A MEANINGFUL threat to the safety of the country is currently waging war in eastern Europe, and threatening to attack NATO.

I am proud to represent the largest concentration of soldiers in the UK, with 20,000 forces personnel based in the camps and garrisons on Salisbury Plain.

I went up on the Plain recently with Colonel Matt Palmer, the Commander of Army South West, who showed me them all with a sweep of his arm.

We toured the different camps and met soldiers, officers and their families.

As ever I was impressed with the cheerful resilient spirit that keeps the Army going, and ultimately keeps us safe.

But I am also aware of how tough life is for Army people, with a multitude of challenges over kit, accommodation and deployments.

Some of these I can help with, and I do what I can - raising the issue over contaminated water at Trenchard Lines in the Commons, for instance, and lobbying (successfully, I’m glad to say) against the planned changes to the accommodation offer that would have broken the agreement that officers (and their spouses) signed up under.

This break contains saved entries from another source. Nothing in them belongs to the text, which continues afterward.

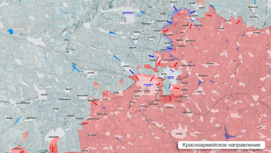 На Красноармейском (Покровском) направлении российские войска продолжают методичное продвижение. Основные события разворачиваются к северу от Котлино.
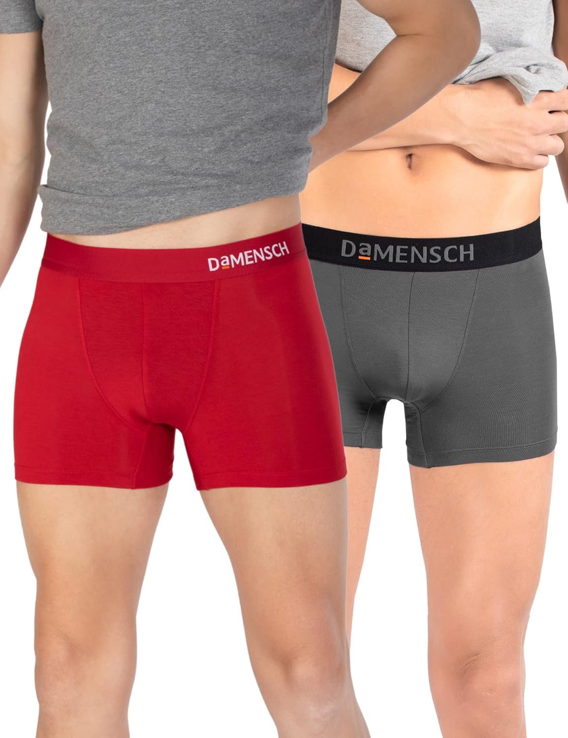 DAMENSCH Men’s Modal Trunks (Pack of 2) (DAM-ER-MIX-T-WG-TR-PACK-2-M_Wilsen Grey, Tango Red_M)
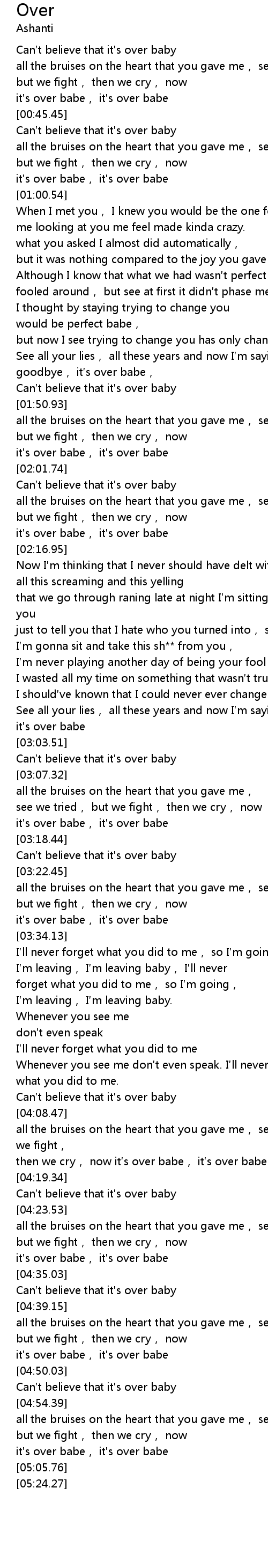 | [00:46.45] | Can t believe that it s over baby |
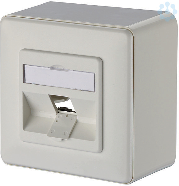 Aufputz-Anschlusseinheit 85 x 85 x 43 mm für alle Einzelmodule in Keystonebauform (Achtung: E-DAT modul Kupplungen 8(8) nur mit geeignetem Patchkabel), Steckrichtung des Moduls 45° nach unten geneigt, Zugentlastung am Modul, mit Sichtfenster für beiliegende Beschriftungseinlage, Beschriftungsbogen 209 x 294 mm siehe Zubehör, integrierte Staubschutzklappen (auch farbig erhältlich), Abdeckteile reinweiß RAL 9010, Oberfläche matt strukturiert, Varianten: 1 Port, 2 Port, 3 Port

But more profoundly I see my job as lobbying the MOD and the Treasury to enhance the overall defence budget.

It is a good thing that the armed forces have had a major uplift in spending since the Ukraine invasion.

We have, indeed, spent over £7bn on Ukraine overall, in addition to the transfers of weapons from the UK’s stockpile.

This money is all well spent, in my view, but the British army, navy and air force needs at least that much every year more than it currently gets.

I regret more was not committed to defence at last week’s budget and I will continue to make the case for urgent increases.

If you ask where the money should come from, I point to the expected £10bn a year we are forecasting for additional spending on out-of-work benefits; or the £3bn likely cost of the new Stonehenge tunnel, within sight of the garrisons where soldiers are making do with 40-year old vehicles and a recruitment crisis.